German Duo Squeezed in Brussels
June 14, 2005A few weeks before he hits the campaign trail again, German Foreign Minister Joschka Fischer released a new book.
In "The Return of History," Chancellor Gerhard Schröder's deputy waxes philosophical about the world he has seen in his almost seven years as Germany's face abroad. In parts, Fischer reflects on change on his continent, and warns against the dangers in a Europe that rejects the European Union.
"I fear there is a danger of a rampant re-emergence of nationalism with all its consequences within a weakened EU," he writes.
Though written ahead of the "no" votes delivered in France and the Netherlands on the EU Constitution, the passage foreshadows the crisis in which the 25-member organization finds itself. On Thursday and Friday, EU leaders will meet for the first time since the no votes to discuss the EU's heavily-debated budget for 2007-2013. In the weeks leading up to the meeting, Schröder has met with British leader Tony Blair and French President Jacques Chirac and spoken out a number of times on the desperate need to show unity and willingness to compromise.

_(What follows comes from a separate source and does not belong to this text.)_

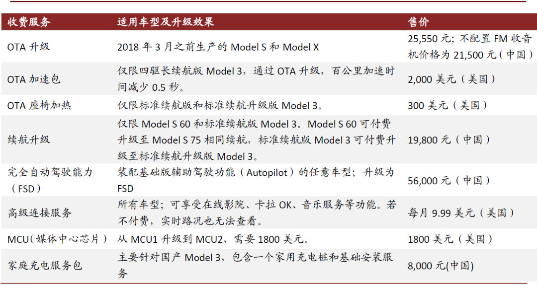 特斯拉推出付费订阅服务,从赚新车的钱拓展到赚保有量的钱。特斯拉2019年销量约为33万辆,截至2019年全球保有量约77万辆,随着产销量不断爬坡,保有量持续上涨,特斯拉推出了一系列付费升级及付费订阅服务,收入来源从主要由新车贡献逐渐转向增量、保有量共同贡献。同时,我们认为,付费订阅服务的前期投入不大、现金流稳定,有利于改善车企现金流,提升盈利能力。
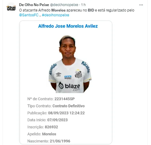 Isso porque o nome do atacante apareceu no BID (Boletim Informativo Diário) da CBF e com isso toda a burocracia pendente não existe mais. Segundo o Globo Esporte, Morelos deve, inclusive, ser titular já na próxima partida, visto que a equipe precisa, desesperadamente, pontuar para assim tentar deixar a zona da degola.

"We are awaiting from all partners the willingness to move" on issues, said Schröder after meeting Blair late Monday.
Who's listening to Germany?
The German chancellor was speaking in reference to the budget debate, where Great Britain is fiercely defending the 3 billion pound ($5.4 billion) rebate they receive from the EU states each year, something many member states want re-thought or vanquished all together. But the group of 25 heads of state won't get around also addressing the crisis in EU identity after the rejection of the constitution in two of the body's founding member states.
Schröder and Fischer still hope to salvage the constitution and have urged the continuation of the referendums in the remaining seven EU countries still planning them. Polls indicate the German population stands behind the constitution, and both houses of the country's parliament have now ratified the document.
Despite their efforts to profile themselves as European mediators, no one back home seems to be listening, or even care. Germans have other priorities at the moment.
Following massive losses by his party in state elections in late May, Schröder called for elections this fall, a year earlier than planned. Unemployment remains high, and the vast majority of the population seems ready to reject Schröder's reform of Germany's generous welfare state and costly labor market. Polls indicate CDU chancellor candidate Angela Merkel to be the clear winner if the election were held this week.
Merkel's changing EU
A victory by the conservative candidate from the former East would mean a decidedly different Germany in European affairs. The bits of rhetoric the Merkel camp has let fly in the weeks since the Social Democrats' May 22 defeat in the state of North Rhine-Westphalia, have not been good news for European integrationists and federalists.
The CDU, which has continually rejected Turkey's plan to become a full member of the EU by 2015, said they will most likely urge Brussels to apply the brakes on further enlargement. This week, Merkel and other opposition leaders urged Schröder not to compromise or promise too much on the EU budget.
EU leaders have already indicated they are planning for a new chancellor come this fall. Blair, who flew to Berlin to meet Schröder, had a lengthy conversation with Merkel on Monday evening -- an indication that he at least is considering the possibility of another person having the say in Berlin.
Rocky road ahead
Regardless of who rules in Berlin after the fall elections, the road to Brussels will not be smooth sailing.
Blair has refused to budge on Britain's rebate -- won by Margaret Thatcher in 1984 to make up the difference between what Britain paid into the EU and what it got back -- and lashed out at French Premier Jacques Chirac for refusing to compromise on the EU's agricultural budget, of which France is the greatest beneficiary.
Observers say that should the two not iron out their differences at the summit, then the upcoming UK presidency of the European Union, which takes over the rotating post from Luxembourg, could be a difficult tenure. And Schröder's words of compromise won't carry much weight: he's already considered a lame duck in Berlin and Brussels.